Nel corso degli anni infatti, si é optato quasi in tutte le sedi normative per l’uso di altri concetti per definire il fenomeno criminale ma l’espressione organized crime é stata sempre utilizzata per designare questa realtà, tanto da assumere i caratteri di nomen utilizzabile in una sorta di linguaggio globale, che può essere utilizzato e compreso ovunque.

Quando si parla di categorizzazione fallita andrebbe fatta una precisazione: in modo implicito si é probabilmente rinunciato alla introduzione di una definizione vera e propria di questo concetto ma non si può, allo stesso tempo, negare l’utilità di questa espressione per abbattere le barriere linguistiche e denominare un fenomeno che diventa così comprensibile, nei suoi tratti, in tutti il mondo.

L’uso globale del termine induce a riflettere sulla sua portata, alla luce del fatto che ogni Stato mantiene poi una definizione autonoma e spesso non esattamente corrispondente della realtà criminale associativa.

Anche rapportando il discorso alla Convenzione di Palermo sembra, almeno per certi versi, riduttivo ed arduo sovrapporre la categoria a quella di gruppo criminale organizzato.

A livello comunitario sono emersi vari tentativi di definizione, che indubbiamente fungono da criterio orientatore ma che spesso si scontrano con realtà terminologiche più o meno corrispondenti fortemente radicate in sede nazionale. Preso atto della necessarietà di un’espressione globale, ci si interroga sulla utilità di una definizione ufficiale su scala internazionale, che assuma quindi un valore universale e che risolva il sotteso problema di “legal certainty” che inevitabilmente si pone.

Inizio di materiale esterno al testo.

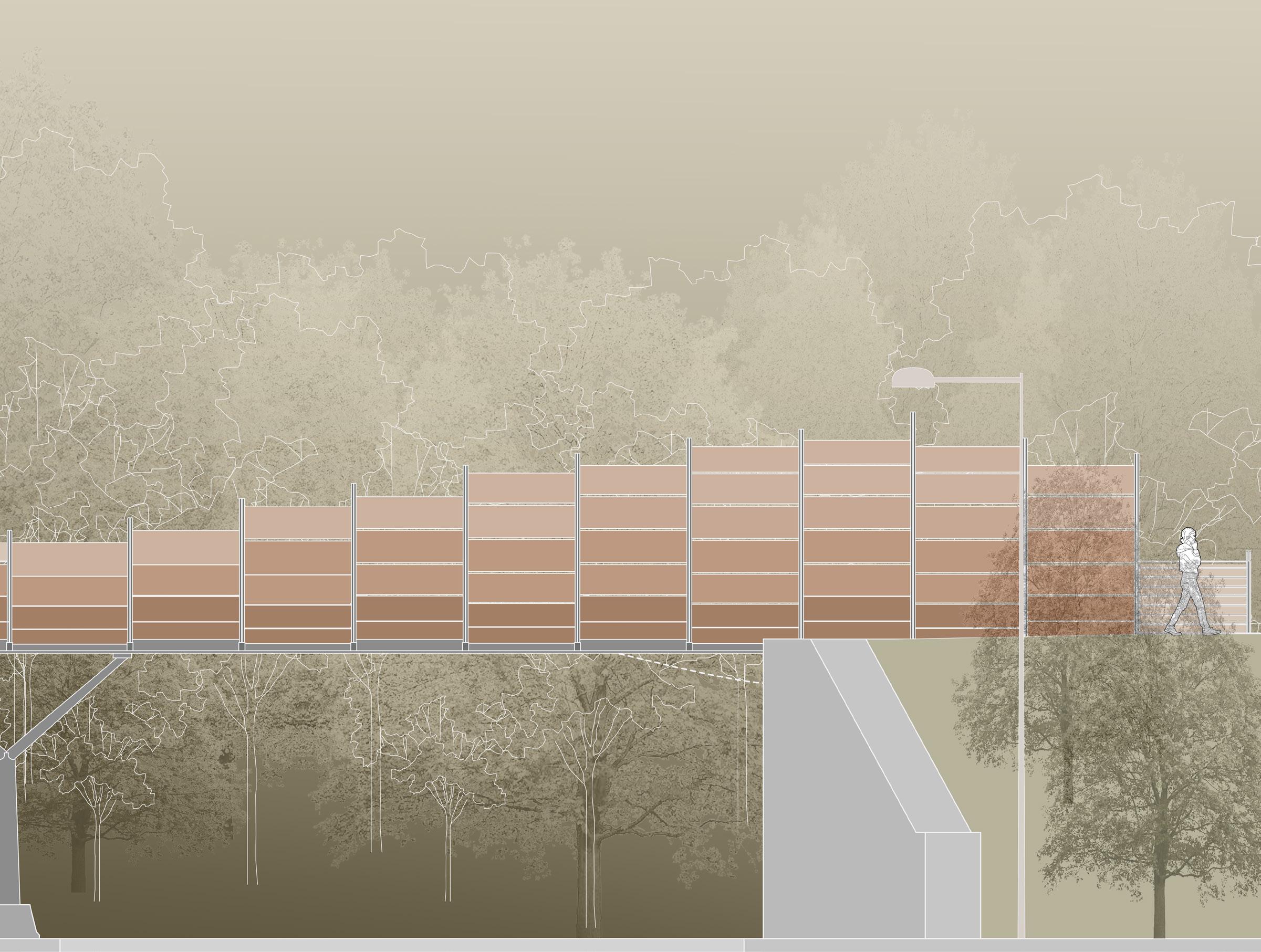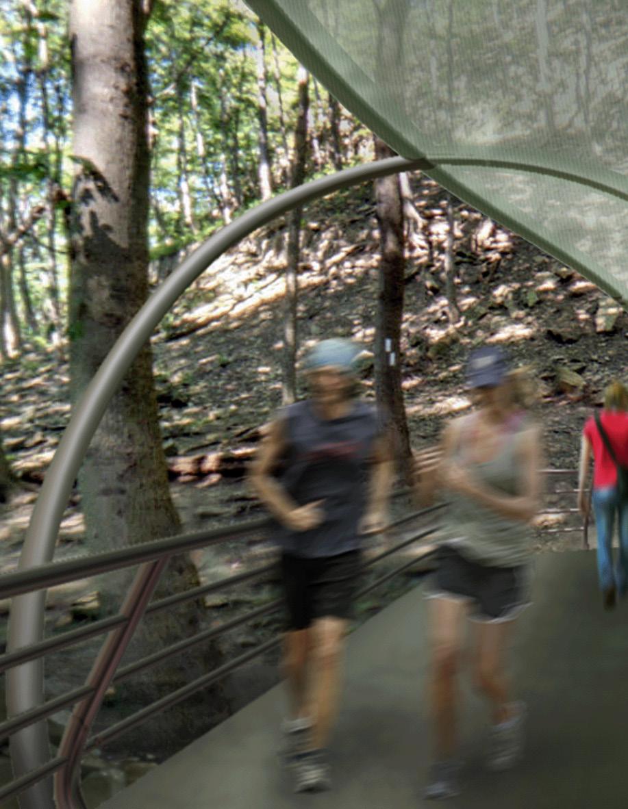 The Rail Trail Rest Stop is a steel pedestrian bridge crossing over Kenilworth Access of Hamilton Ontario. Joining the Hamilton escarpment rail trail, the bridge acts as a means of connection and a rest stop for local bikers and hikers.

Ogni livello, a partire da quello statale fino ad attivare a quello internazionale, presenta una propria definizione di organized crime, sovente con tratti non del tutto conformi.

Lascia perplessi la scelta della TOC Convention di non assumere una posizione precisa sul punto: poteva essere l’occasione persa per introdurre una definizione mancante?

Probabilmente l’ambivalenza concettuale91 che da sempre accompagna l’espressione ne favorisce un uso, con valenza sociale e non solo giuridica, che “abbatte” le barriere linguistiche.

Le “maglie strette” di una definizione potrebbero, infatti, generare il rischio di non identificazione in un’espressione unica da parte di realtà giuridiche con caratteri diversi: si potrebbe forse vedere la scelta delle Nazioni Unite come un’opzione politico-criminale “ponderata” ed attuata proprio al fine di armonizzare le varie legislazioni, senza generare problemi ulteriori inevitabilmente legati ad una determinatezza e tassatività terminologica che non tutti gli Stati sono abituati ad affrontare.

La denunciata lacuna terminologica andrebbe inquadrata non tanto in un esempio di categorizzazione fallita, con inevitabili ripercussioni a livello di legalità e di certezza del diritto, ma come una precisa scelta di assunzione di un carattere sociale più che giuridico, in attesa che maturino i tempi per introdurre una definizione universale di questo concetto, che per il momento ha l’importante merito di sintetizzare in un espressione genericamente accettata una intera e spesso fortemente eterogenea realtà criminale.

91 Denunciata da MITSILEGAS, From national to global, from empirical to legal: the ambivalent

concept of transnational organized crime, in AA. VV., Critical reflections on transnational organized crime, money laundering and corruption, Beare, University of Toronto Press, 2003, 55.